From your blog, it seems that you're familiar with both imperative and functional programming, and that you're familiar with the basic concepts involved in object-oriented programming, but you've just never really had it "click" as to what makes it useful. I'll try to explain in terms of that knowledge, and hope that it's helpful to you.
At its core, OOP is a way to use the imperative paradigm to better manage high degrees of complexity by creating "smart" data structures that model the problem domain. In a (standard procedural non-object-oriented) program, you've got two basic things: variables, and code that knows what to do with them. The code takes input from the user and various other sources, stores it in variables, operates on it, and produces output data which goes to the user or various other locations.
Object-oriented programming is a way to simplify your program by taking that basic pattern and repeating it on a smaller scale. Just like a program is a large collection of data with code that knows what to do with it, each object is a small piece of data bound to code that knows what to do with it.
By breaking down the problem domain into smaller pieces and making sure as much data as possible is bound directly to code that knows what to do with it, you make it a lot easier to reason about the process as a whole and also about the sub-issues that make up the process.
By grouping data into object classes, you can centralize code related to that data, making relevant code easier both to find and to debug. And by encapsulating the data behind access specifiers and only accessing it through methods, (or properties, if your language supports them,) you greatly reduce the potential for data corruption or the violation of invariants.
And by using inheritance and polymorphism, you can reuse preexisting classes, customizing them to fit your specific needs, without having to either modify the originals or rewrite everything from the ground up. (Which is a thing you should never do, if you can avoid it.) Just be careful you understand your base object, or you could end up with killer kangaroos.

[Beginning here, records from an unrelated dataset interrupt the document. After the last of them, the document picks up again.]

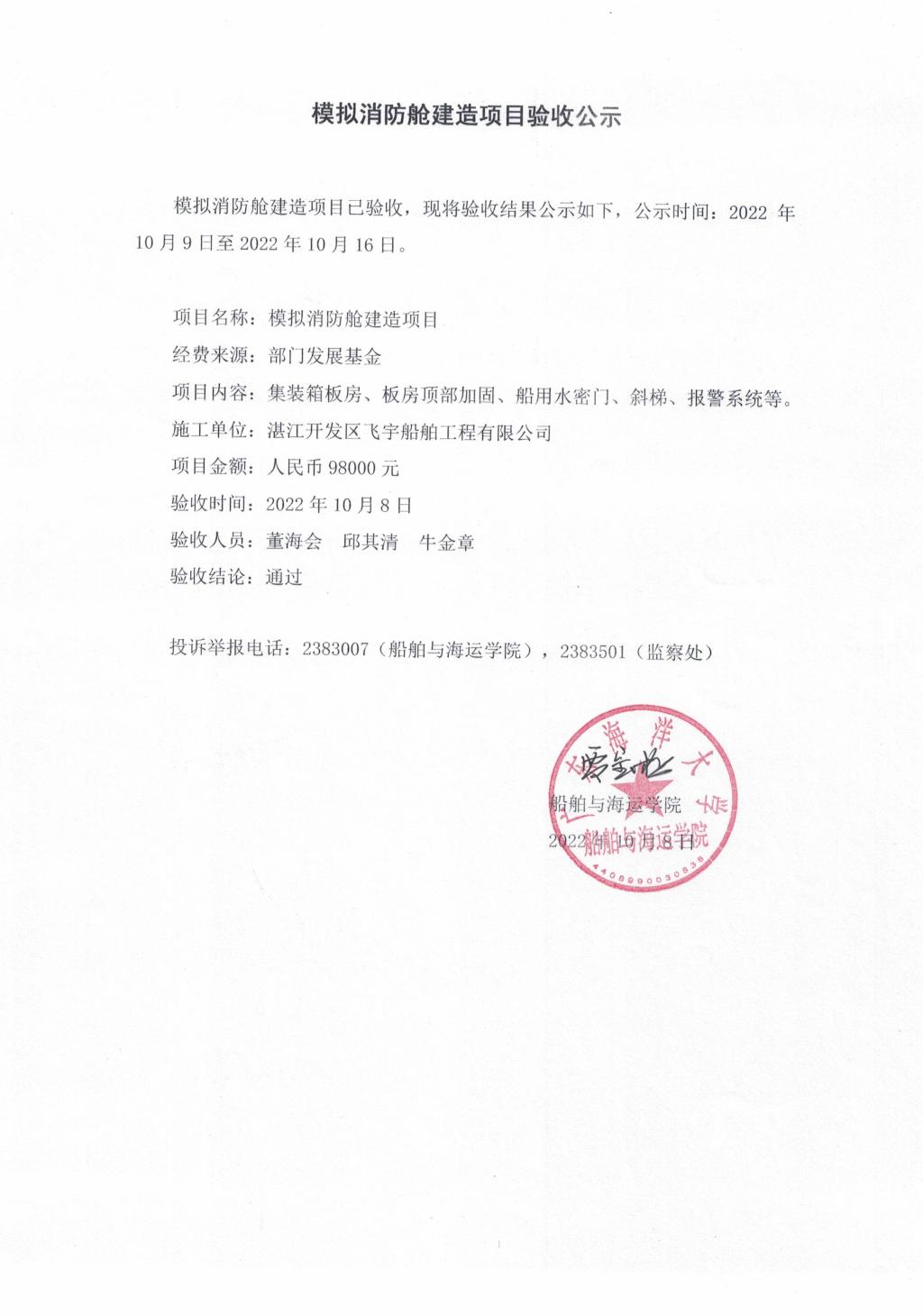 模拟消防舱建造项目验收公示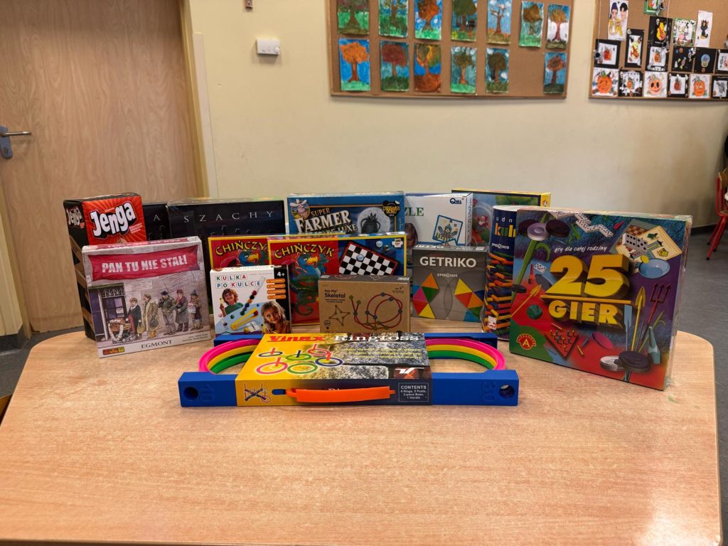 Dzięki przekazanym środkom możliwy był zakup nowych książek do biblioteki szkolnej oraz gier edukacyjnych do świetlicy, które wzbogaciły ofertę edukacyjną i wychowawczą szkoły.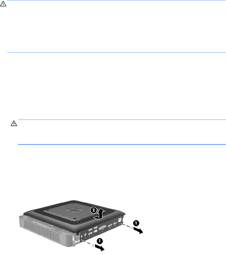 1. Entfernen/deaktivieren Sie alle Sicherheitsvorrichtungen, die das Öffnen des Thin Client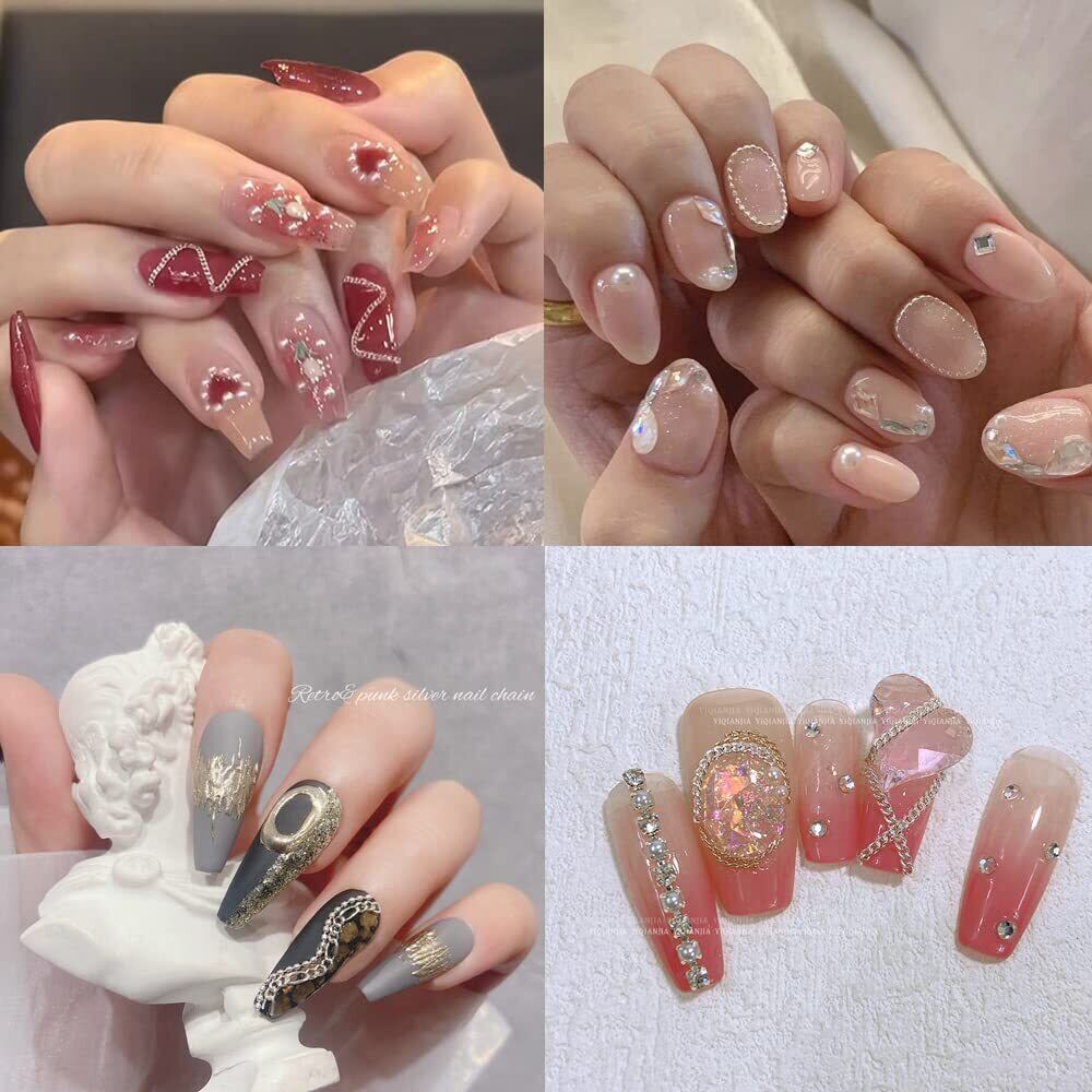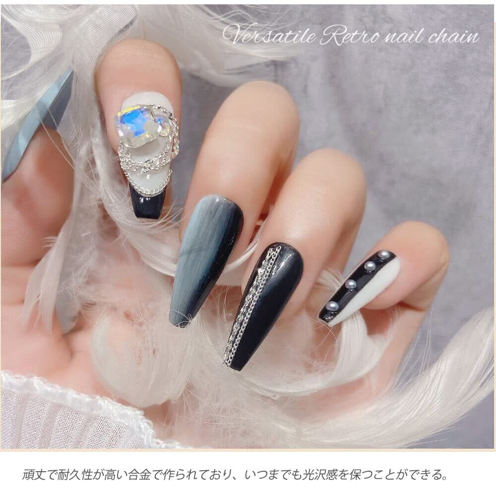【自由にカット】ハサミでカットしやすく、ご指先に合わせて適切な長さを自由にカットすることができます。ご注意:ネイルチェーンが細かくて、カットする時はぜひお気をつけてください。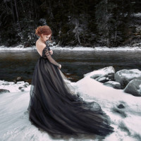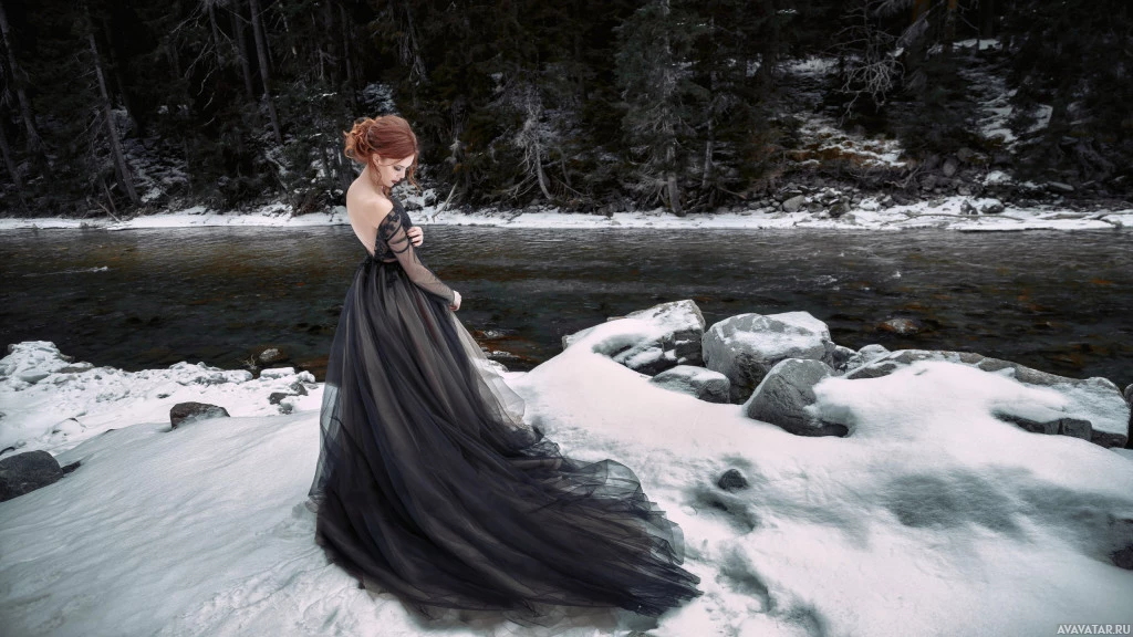 red hair, wearing a long black dress. She is standing on the snowy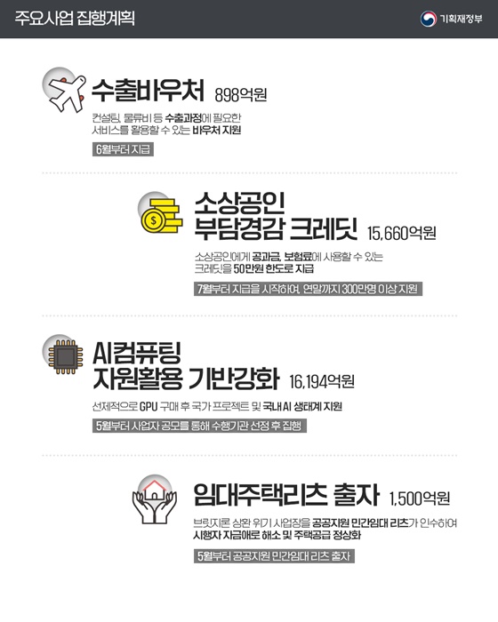 | 경기 진작 | 민생회복 소비쿠폰, 지역사랑상품권 추가 발행, 건설경기 활성화 등 | 15조 2,000억 원 |

To me, these are the fundamental principles of object-oriented programming: complexity management, code centralization and improved problem-domain modeling through the creation of object classes, inheritance and polymorphism, and increased safety without sacrificing power or control through the use of encapsulation and properties. I hope this helps you understand why so many programmers find it useful.
EDIT: In response to Joel's question in the comments,
Can you explain what an "object-oriented program" contains
(other than these fancy defintions you've outlined) that is fundamentally
different from an imperative program? How do you "get the ball rolling?"
A little disclaimer here. My model of "an object-oriented program" is basically the Delphi model, which is very similar to the C#/.NET model since they were created by former Delphi team members. What I'm saying here may not apply, or not apply as much, in other OO languages.
An object-oriented program is one in which all the logic is structured around objects. Of course this has to be bootstrapped somewhere. Your typical Delphi program contains initialization code that creates a singleton object called Application
. At the start of the program, it calls Application.Initialize
, then a call to Application.CreateForm
for every form you want to load into memory from the beginning, and then Application.Run,
which displays the main form on screen and starts up the input/event loop that forms the core of any interactive computer programs.
Application and your forms poll for incoming events from the OS and translate them into method calls on your object. One thing that's very common is the use of event handlers, or "delegates" in .NET-speak. An object has a method that says, "do X and Y, but also check to see if this particular event handler is assigned, and call it if it is." An event handler is a method pointer--a very simple closure that contains a reference to the method and a reference to the object instance--that's used to extend the behavior of objects. For example, if I have a button object on my form, I customize its behavior by attaching an OnClick event handler, which causes some other object to execute a method when the button is clicked.
So in an object-oriented program, most of the work gets done by defining objects with certain responsibilities and linking them together, either through method pointers or by one object directly calling a method defined in another object's public interface. (And now we're back to encapsulation.) This is an idea that I had no concept of back before I took OOP classes in college.